I think a few Penn reels are - but probably nothing as small as you'd want.
The Saros would be a nice rig me thinks.


----------



## g6463 (Mar 2, 2009)

i have last years model shimano sienna 500, and 1000. for my crappie poles i like them a lot very light and smooth drag.


----------



## METTLEFISH (Jan 31, 2009)

I'll refrain... I will say the best U.L. spinning reels IMO are Daiwa's.


----------



## shametamer (Jul 22, 2001)

You know me Ray, whenit comes to spinning i have tried them all....and shimano is as good as any, better than most....trout?.geez you're planning on attending the sportsmans shows and the ponds there aye?:evil:


----------



## Ranger Ray (Mar 2, 2003)

Well if it isn't the Shamester. Hope all is well. We know you already found the pot of Gold at the end of the rainbow. So have you found that frying pan of Walleye? :lol: You know your word is as good as gold with me shamey. Ponds? The kids would put me to shame. You ought to try trouting with us sometime. No graphs to watch, no smell of gas, and no idiots in your drift. Listen! Whats that sound? It's the sound of an eagle in the distance, a cardinal singing, a grouse strumming and a trout eating a bug off the top of the water. It's my relaxation. :lol: Drop me a PM when you get a minute, get me up to date on your escapades.


----------



## FishKilla419 (Feb 22, 2008)

Ranger Ray said:


> I have a couple 9' North Fork 5 weight blanks I will be turning into light trout spinning rigs over the winter for next years season. Thinking a couple Saros in the 1000 size would fit the bill.  Anyone still made in the US?

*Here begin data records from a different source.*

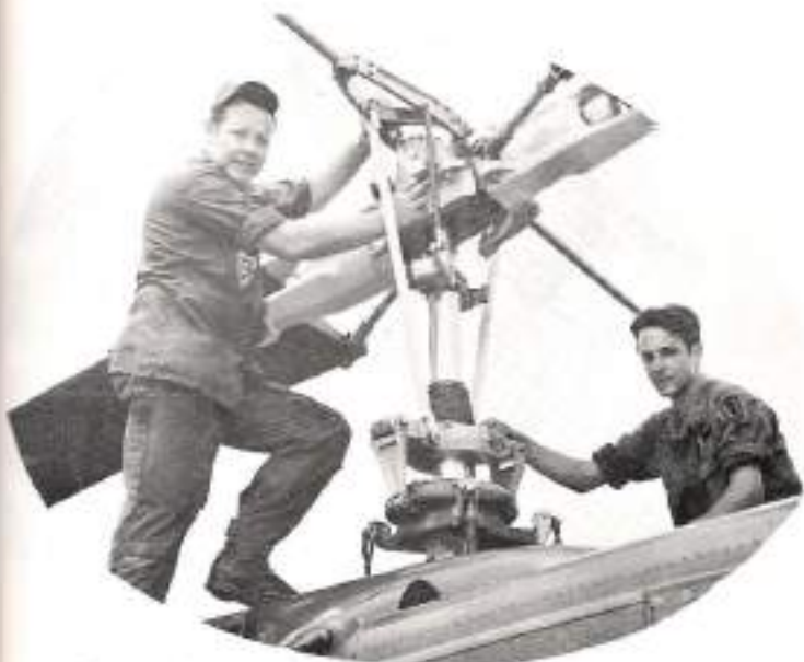
Push a little harder, sir! And that should fix it.
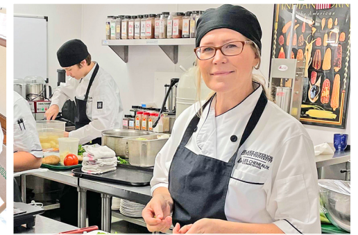
LES CHENEAUX CULINARY SCHOOL
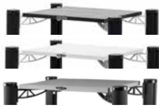
Shelves in black, white or concrete

Hybrid building blocks: The Shelf-kit (shelves and extrusion) and corner pillars
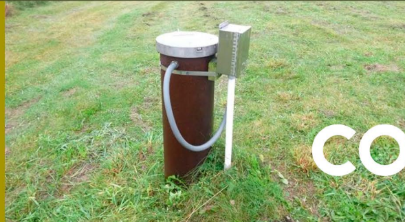
osborne super fund site

CEASRA has established some action items to serve as near and long term goals. As a group, we continue to nurture our ties with the PA Department of Environmental Protection and Department of Conservation and Natural Resources. We also endeavor to monitor local governmental activity through reviewing meetings and agendas. Specifically, we voiced our concern and filed an objection to storing millions of pounds of hazardous material at the Cooper Industrial Commons in Grove City. We also worked directly with the DEP, after identifying a well that is leaking acid mine drainage, to get it addressed through their abandoned well program. We continue to monitor activity around the Osborne Superfund Site.

Pfluger patriarch in that size weighs like 5oz. Pretty much lightest out there. Great match for extra lite or small stiks. Extra smooth and long lasting.


----------



## raisinrat (Feb 9, 2006)

Lets see I bought :::

2 Stradic CI4 1000
2 Stradic CI4 2500
3 Curando I 


I love them all and like all my shimano will sever me for many many years.


----------



## METTLEFISH (Jan 31, 2009)

Careful..... don't step in the Shimano.....


----------



## ESOX (Nov 20, 2000)

METTLEFISH said:


> I'll refrain... I will say the best U.L. spinning reels IMO are Daiwa's.

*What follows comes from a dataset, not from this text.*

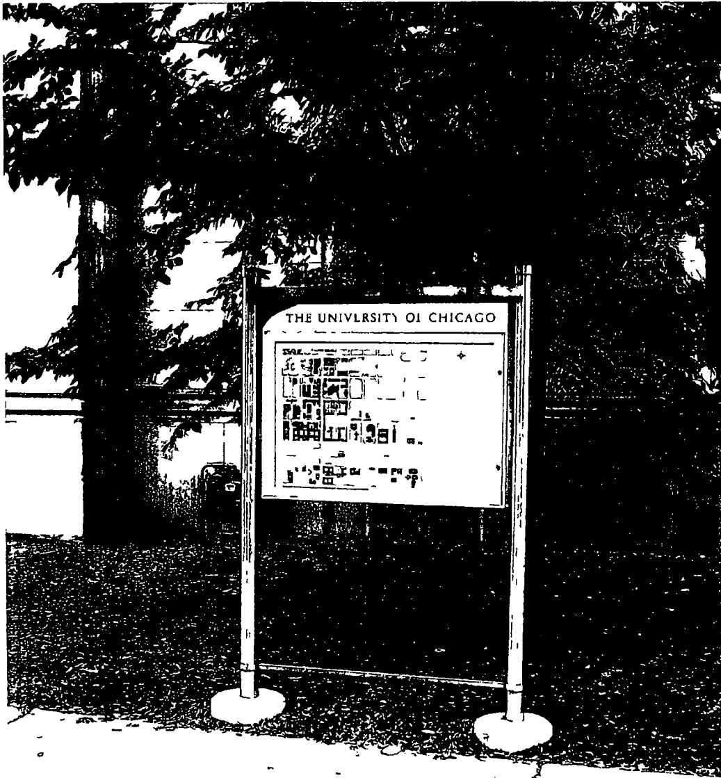
5550 South University Avenue Dimensions 4' 0" X 6' 0" X 0' 3"
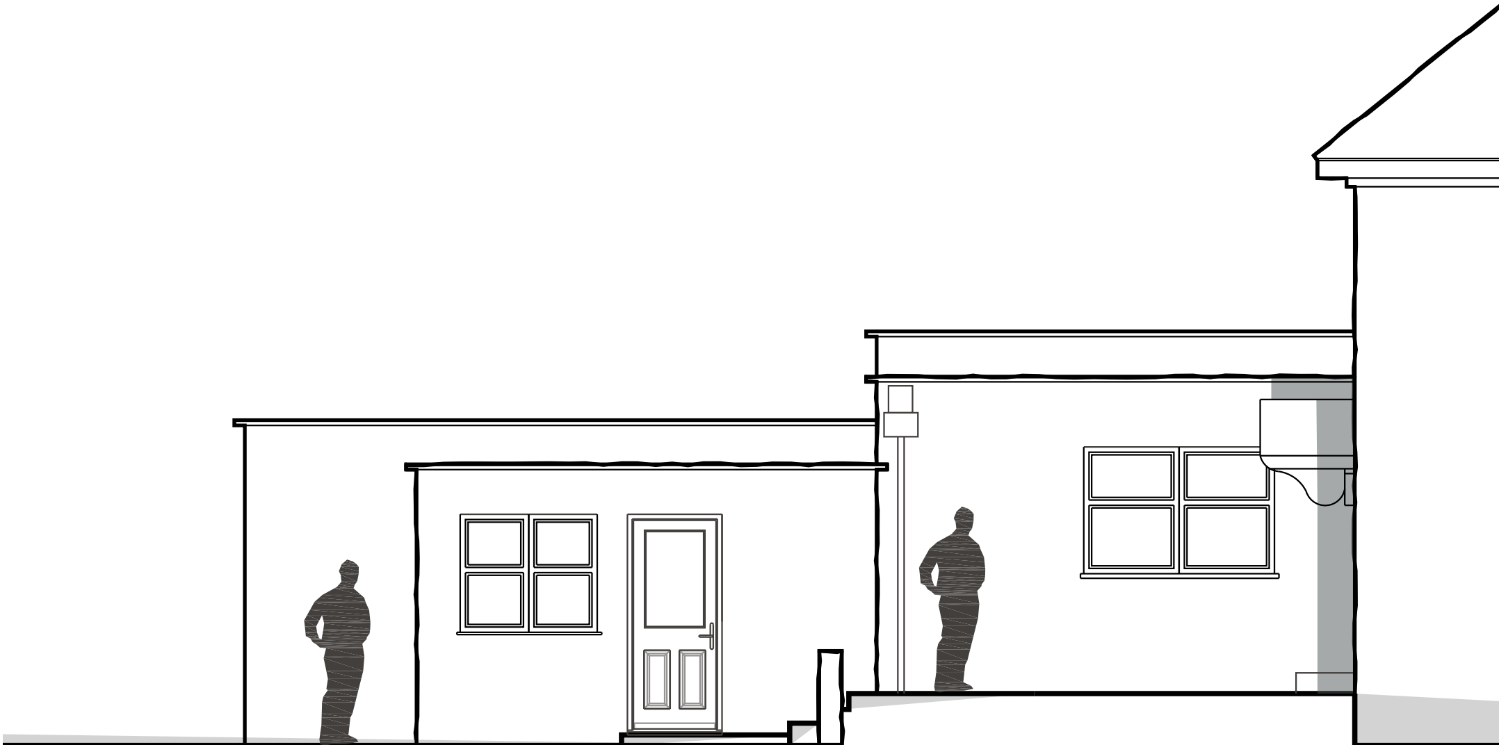
EXISTING SIDE ELEVATION scale 1:50

Same here. I have had no luck with Shimano spinning reels. I have Stradics that didn't make it a year. Meanwhile my most used spinning reels are Daiwas with a million miles on them. The finish may be worn and scratched, but the guts are still smooth......


----------



## fsutroutbum (Apr 20, 2008)

I have a Daiwa and a Pinnacle ultra lights that have worked well for a number of years and actually landed some pretty big fish on them.


----------



## Mr Burgundy (Nov 19, 2009)

Check out the cabelas brand reel. It's made by diawa and it felt amazing for the cost. Right around 150 iirc


----------



## Jimbos (Nov 21, 2000)

Mr Burgundy said:


> Check out the cabelas brand reel. It's made by diawa and it felt amazing for the cost. Right around 150 iirc


Sorry, IMO their junk and I would never buy another Cabela's branded reel, a lot of it due to the fact if you try to get service, they have no idea who made the reel for that year class. I just threw it out and chalked it up to a lesson learned.


----------



## ESOX (Nov 20, 2000)

BTW, my kid wanted a reel for his ML spinning rod that would toss a small body bait a mile. He picked this with the large arbor for smooth line flow.
http://www.basspro.com/Bass-Pro-Shops-Pro-Qualifier-Spinning-Reels/product/10205014/

After he had it for a year of LSC smallie fishing I was so impressed with it this year I got one for another ML rod. So far so good. I don't know how they would stand up to hard chargers like steelhead.


----------



## UBDSLO1 (Feb 23, 2004)

ESOX said:


> Same here. I have had no luck with Shimano spinning reels. I have Stradics that didn't make it a year. Meanwhile my most used spinning reels are Daiwas with a million miles on them. The finish may be worn and scratched, but the guts are still smooth......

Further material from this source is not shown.